El Estado nos quita poder social y económico: poder de autoorganización ciudadana, poder de autorregulación y poder de defensa personal, por medio de impuestos depredadores y a través de una regulación restrictiva.
A la vez pretende devolvernos seguridad social y económica bajo la forma de instituciones no evolutivas, sistemas de reparto y un capitalismo estatal creador de argollas.
No hay manera posible de que esta fórmula sea beneficiosa para generar la prosperidad general.
El Estado busca imponer un curioso sistema moral basado en la extorsión y el robo. El hombre de empresa, por el contrario, solo cierra acuerdos contractuales o de mutuo acuerdo con su cliente o capitalista. En los negocios privados, y debido a este contrato (aristotélico), todo el mundo gana.
En ningún momento el empresario pretende detentar una moral más elevada que su cliente ni robarle el dinero o su libertad para reasignárselo a otro o quedárselo él mismo; lo único que pretende, como su cliente, es obtener el máximo provecho con el menor costo posible.

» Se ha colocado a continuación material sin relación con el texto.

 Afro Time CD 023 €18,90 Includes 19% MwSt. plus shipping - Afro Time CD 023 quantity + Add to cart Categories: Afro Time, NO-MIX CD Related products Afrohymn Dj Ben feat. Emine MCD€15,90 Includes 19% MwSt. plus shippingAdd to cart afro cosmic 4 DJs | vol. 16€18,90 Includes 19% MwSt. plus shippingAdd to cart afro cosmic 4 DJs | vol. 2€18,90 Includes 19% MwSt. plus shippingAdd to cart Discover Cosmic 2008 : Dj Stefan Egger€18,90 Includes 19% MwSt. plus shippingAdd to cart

La consecuencia de esta disyuntiva es que en Costa Rica se percibe hoy un ambiente donde conviene más anudar negocios ilegales que negocios legales. Cuando un empresario costarricense quiere trabajar dentro del marco de la ley puede estar seguro de que su “socio mayor”, que es el Estado, siempre estará listo para participar de sus ganancias sin aportar mucho, y como muestra de gratitud -gratitud negra al fin- le devolverá el favor con mayores regulaciones.
Pero, además, cuando el empresario busque protección ante la ley siempre surgirá un burócrata de pelo largo que lo acusará públicamente de manipular la ley en su propio beneficio. Una práctica que no solo es nefasta sino que pone en riesgo el futuro de la propia nación y de cada uno de sus habitantes.

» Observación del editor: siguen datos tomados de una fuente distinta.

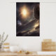 A cool alien planet with a moon and a sun in the sky. This is a AI generated art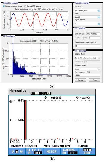Total harmonic distortion (THD) of the load current of the (a) simulation and (b) experiment.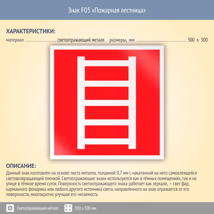 Знак F03 «Пожарная лестница» (светоотражающий металл, 300х300 мм) в Яхроме купить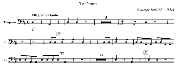 X:320 T:Te Deum C:Giuseppe Totti (17__-1832) M:C L:1/4 K:D V: 20 clef=bass name="Timpano" sname="T." %%MIDI program 1 1 %%staves 20 %----- edit between the lines ---- [Q:"Allegro non tanto"] !f! D,zA,,z | D,D,z2 | Z3 | \ !/!A,,2 !/!A,,2 | D, z2 z | Z | \ z2 z D,/D,/ | !/!D,2 !/!D,2 | D, z z D,/D,/ | !/!D,2!/!D,2 | \ D,/D,/A,,/A,,/ D,/D,/A,,/A,,/ | D,/D,/A,,/A,,/ D,/D,/D,/D,/ | A,, zz2 | Z13 | \ D,z A,,z | D, D, z2 |\ %---------------------------------

Muchos intelectualoides le echan la culpa al capitalismo por todos los males de la sociedad, pero no se dan cuenta de que sin capital (físico, intelectual, social) no puede existir bienestar colectivo. Después de todo, capitalismo no es más que la libre transformación, transferencia y acumulación de capital a través del intercambio.
Esta fórmula nunca puede ser la causante de la pobreza, a no ser que el aparato estatal cree las condiciones para que dicho capital se acumule en pocas manos, fenómeno que sí ocurre por otros factores: exceso de regulación, multitud de impuestos y gasto improductivo del propio Estado.
En resumen, un país debería ser un sistema de cooperación económica, donde la homogeneidad cultural debería servir de base para que el énfasis sea agregar y acumular valor, y no que algunos grupos destruyan el valor que otros generan bajo una falsa sombrilla de un Estado solidario.